Your task:
Give the lines below again, exactly as they stand, and leave out the images.

(Data extracted from a collection)
——

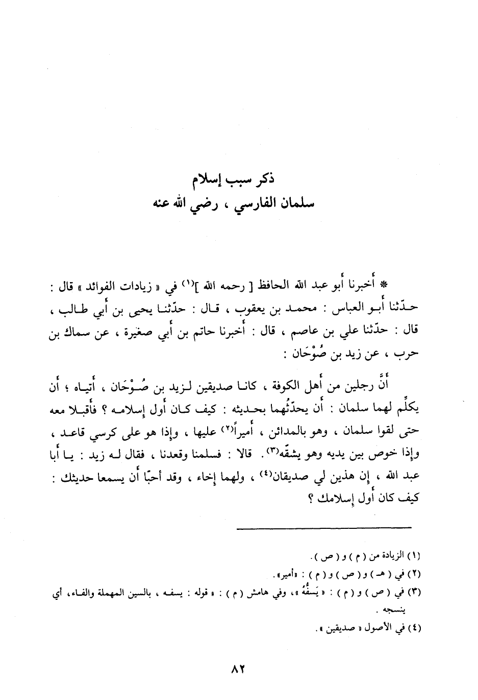 أَنَّ رَجُلَيْنِ مِنْ أَهْلِ الْكُوفَةِ، كَانَا صَدِيقَيْنِ لِزَيْدِ بْنِ صُوحَانَ، أَتَيَاهُ، أَنْ يُكَلِّمَ لَهُمَا سَلْمَانَ: أَنْ يُحَدِّثَهُمَا بِحَدِيثِهِ: كَيْفَ كَانَ أَوَّلُ إِسْلَامِهِ؟ فَأَقْبَلَا مَعَهُ حَتَّى لَقَوْا سَلْمَانَ، وَهُوَ بِالْمَدَائِنِ، أَمِيرًا [ (2) ] عَلَيْهَا، وَإِذَا هُوَ عَلَى كُرْسِيٍّ قَاعِدٌ، وَإِذَا خُوصٌ بَيْنَ يَدَيْهِ وَهُوَ يَشُقُّهُ [ (3) ] . قَالَا: فَسَلَّمْنَا وَقَعَدْنَا، فَقَالَ لَهُ زَيْدٌ: يَا أَبَا عَبْدِ اللهِ، إِنَّ هَذَيْنِ لِي صَدِيقَانِ [ (4) ] ، وَلَهُمَا إِخَاءٌ، وَقَدْ أَحَبَّا أَنْ يَسْمَعَا حَدِيثَكَ:
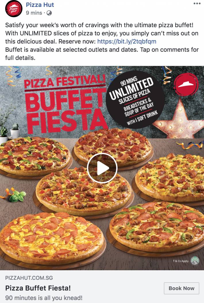 PizzaHut Facebook刚刚发文,2018年6月25日起至8月26日,PizzaHut 将推出Pizza 自助,Pizza,面包,汤,90分钟内随便吃,还送饮料一杯~
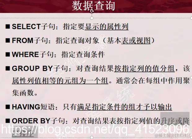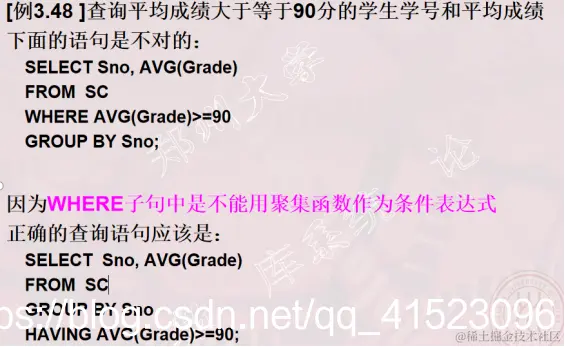 GROUP BY子句 (WHERE子句中是不能用聚集函数作为条件表达式)
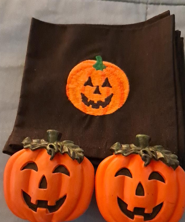 I have a set of black napkins with an embroidered pumpkin design. They come with two pumpkin-shaped napkin holders. Perfect for adding a festive touch to your Halloween or fall-themed table setting!
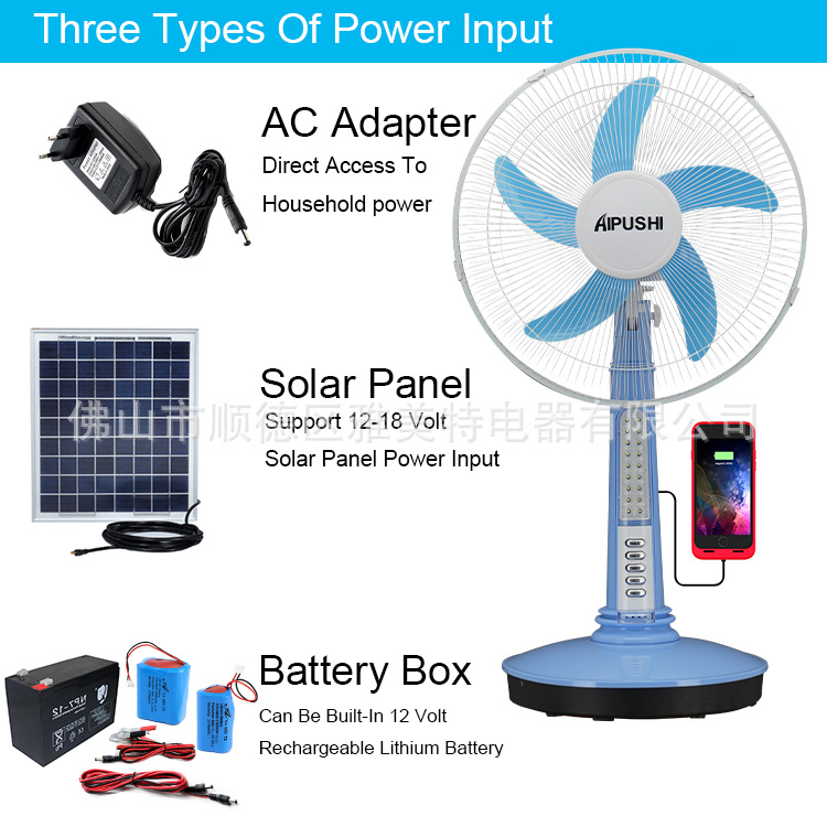 Трафик DC 12V Солнечная энергия аварийная вентилятор 5 Leaf 1618 -INCH 5 LEAF Большой объем ACDC с зарядным вентилятором USB фонаря

——

Task solution:
 أَنَّ رَجُلَيْنِ مِنْ أَهْلِ الْكُوفَةِ، كَانَا صَدِيقَيْنِ لِزَيْدِ بْنِ صُوحَانَ، أَتَيَاهُ، أَنْ يُكَلِّمَ لَهُمَا سَلْمَانَ: أَنْ يُحَدِّثَهُمَا بِحَدِيثِهِ: كَيْفَ كَانَ أَوَّلُ إِسْلَامِهِ؟ فَأَقْبَلَا مَعَهُ حَتَّى لَقَوْا سَلْمَانَ، وَهُوَ بِالْمَدَائِنِ، أَمِيرًا [ (2) ] عَلَيْهَا، وَإِذَا هُوَ عَلَى كُرْسِيٍّ قَاعِدٌ، وَإِذَا خُوصٌ بَيْنَ يَدَيْهِ وَهُوَ يَشُقُّهُ [ (3) ] . قَالَا: فَسَلَّمْنَا وَقَعَدْنَا، فَقَالَ لَهُ زَيْدٌ: يَا أَبَا عَبْدِ اللهِ، إِنَّ هَذَيْنِ لِي صَدِيقَانِ [ (4) ] ، وَلَهُمَا إِخَاءٌ، وَقَدْ أَحَبَّا أَنْ يَسْمَعَا حَدِيثَكَ:
 PizzaHut Facebook刚刚发文,2018年6月25日起至8月26日,PizzaHut 将推出Pizza 自助,Pizza,面包,汤,90分钟内随便吃,还送饮料一杯~
 GROUP BY子句 (WHERE子句中是不能用聚集函数作为条件表达式)
 I have a set of black napkins with an embroidered pumpkin design. They come with two pumpkin-shaped napkin holders. Perfect for adding a festive touch to your Halloween or fall-themed table setting!
 Трафик DC 12V Солнечная энергия аварийная вентилятор 5 Leaf 1618 -INCH 5 LEAF Большой объем ACDC с зарядным вентилятором USB фонаря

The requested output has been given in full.